Brian, what is Logan thinking when he has that half-smile in the final shot of the season?
Cox: I can’t really tell you that.
You can! You can!
Cox: No, I can’t. It’s a secret.
Culkin: While you’re at it, tell us about Season 3.
Cox: I can’t tell you about that either. The interesting thing is there are several things added to that smile. There’s pride, there’s audacity, there’s surprise, there’s respect, there’s devilishness — there’s so many elements to that. Also in the previous scene, the key thing is when he asks, “Is there any way I can run the business? Can I do it?” Logan says honestly he doesn’t know. He doesn’t know if he’s a killer.

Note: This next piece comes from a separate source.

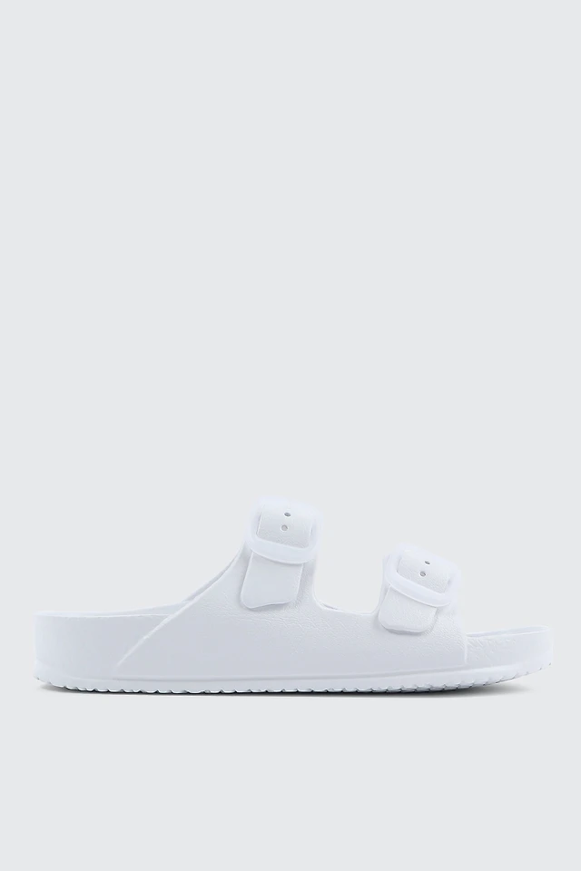 Ardene Flat Sandals with Chunky Buckle in White | Size | Faux Leather | Eco-Conscious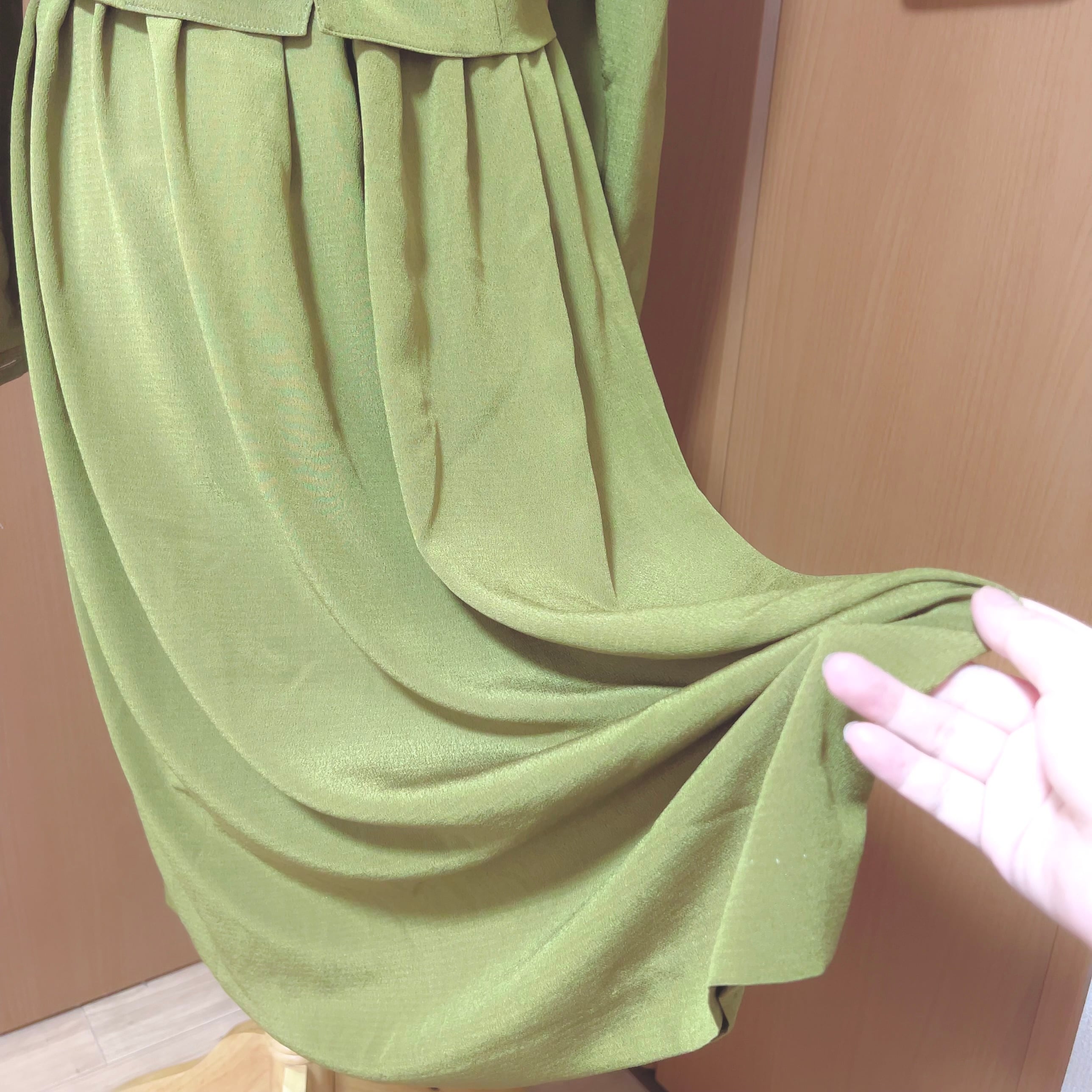 黄みの強い渋めのグリーンの生地は、少し光沢がありシャリ感のある着心地のいい感触。

Of course, what he proves to be in that scene is a killer. A little bit Robert Ford shooting Jesse James, but a killer, nevertheless. It’s a Mona Lisa Smile, so in a way, it’s open to so many interpretations, as it should be.
Macfadyen: It’s such a beautifully subtle thing you’re doing, you’re allowing everyone to project whatever they want onto you.
Cox: That’s what you’ve got to do. It’s simplistic if you go, “Well, what I’m doing is this and I’m doing that — because I made him do this, and I wanted him to do that.” It isn’t that. That certainly you can put into the mix, but there’s more going on, much more going on. There’s a lot of histories involved. There’s the dramatic history, there’s also the history of us having done two extraordinary seasons of that show and that culminating in that. Having done a similar episode, not quite the same, but when Jeremy accidentally kills the boy — or he doesn’t kill the boy, but the boy is killed in that accident — I take him under my wing, as it were, and become very protective of him. As I am for quite a lot of Season 2.
It’s fascinating, it’s absolutely fascinating. The work is fascinating, the scripts are fascinating, and the sense of ensemble — as Matthew talked about earlier — which is a great group, a truly, truly extraordinary group. It’s such a talented group that you’re in totally safe, yet dangerous hands.
This conversation has been edited and condensed.